“昨晚到底是谁?”
万贞儿痛苦扶额,攥紧避孕药,她大意了,现代科技发达,她肯定是中了什么致幻药,被人迷。奸了。
不是他,以他的脾气性格,如果真的知道她这样受苦的话,怎么可能无动于衷?对她大发雷霆!
“不。。不可能,我要见少爷,朱见深,出来见我!”
“z,你疯了!闭嘴!”k吓得伸手捂住她大喊大叫的嘴巴。
一门之隔,朱见深坐在浴池里,嫌恶的用毛巾一遍遍反复擦拭身上密密麻麻的痕迹,都是那个陌生女孩留下的痕迹。
他快吐了,甚至捂嘴开始干呕。
昨晚灵魂被困在躯壳里无能为力的噩梦,令他愤怒,那个疯子为什么会对一个平平无奇的女孩如痴如狂?
那个疯子,甚至用他的身体,和那个女孩发生了关系。。。
这是他第一次吻她,然而却疑惑不是第一次,仿佛他和那个女孩已经发生无数次关系了。
“疯子!”
朱见深懊恼扑进水里,昏昏沉沉的世界迷乱而难堪,莫名野火再次烧上身来。
这是不曾有过的荒唐事,几个月前,他发现自己得了精神分裂。
另一个自己,像个疯子,在疯狂寻找一个人。
那个疯子不计后果找寻一个叫万贞儿的女孩,朱见深不敢让人知道他有病,只能对那个疯子的行为忍气吞声。
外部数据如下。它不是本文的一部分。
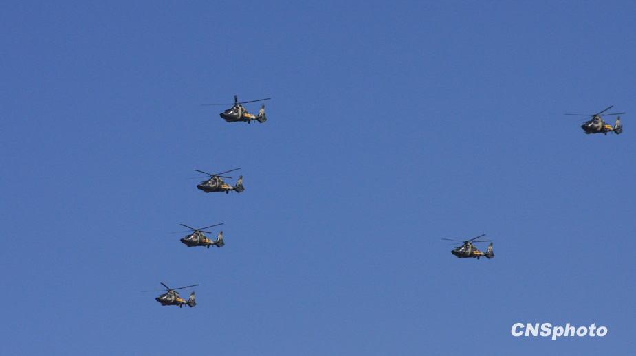 2009年10月1日,中華人民共和國成立60周年慶祝大會在北京天安門廣場舉行。圖為武裝直升機梯隊飛過天安門廣場上空。中新社發(fā) 郭國權(quán) 攝

门外的争执让人烦躁,朱见深凝眉,不悦呵斥:“不吃药就滚!”
话音未落,心口一阵钻心剧痛,他疼得闷哼,捂着心口,许久才缓过神。
朱见深寒着脸,抓过药瓶,咽下一颗,蹙眉再咽下一颗,加大药量,才能清醒一段时间。
门外,万贞儿咬唇忍泪,撕开药盒,含泪咽下避孕药。
不是,不是濬郎。。
不是他。。。。
“那个。。。对不起,我想,我无法胜任这份工作,抱歉,我要走了,我要回家了。。”
眼泪簌簌落下,越擦越多,万贞儿转身狂奔离开,她不敢停下,怕自己会不死心,再去执着见一个陌生人。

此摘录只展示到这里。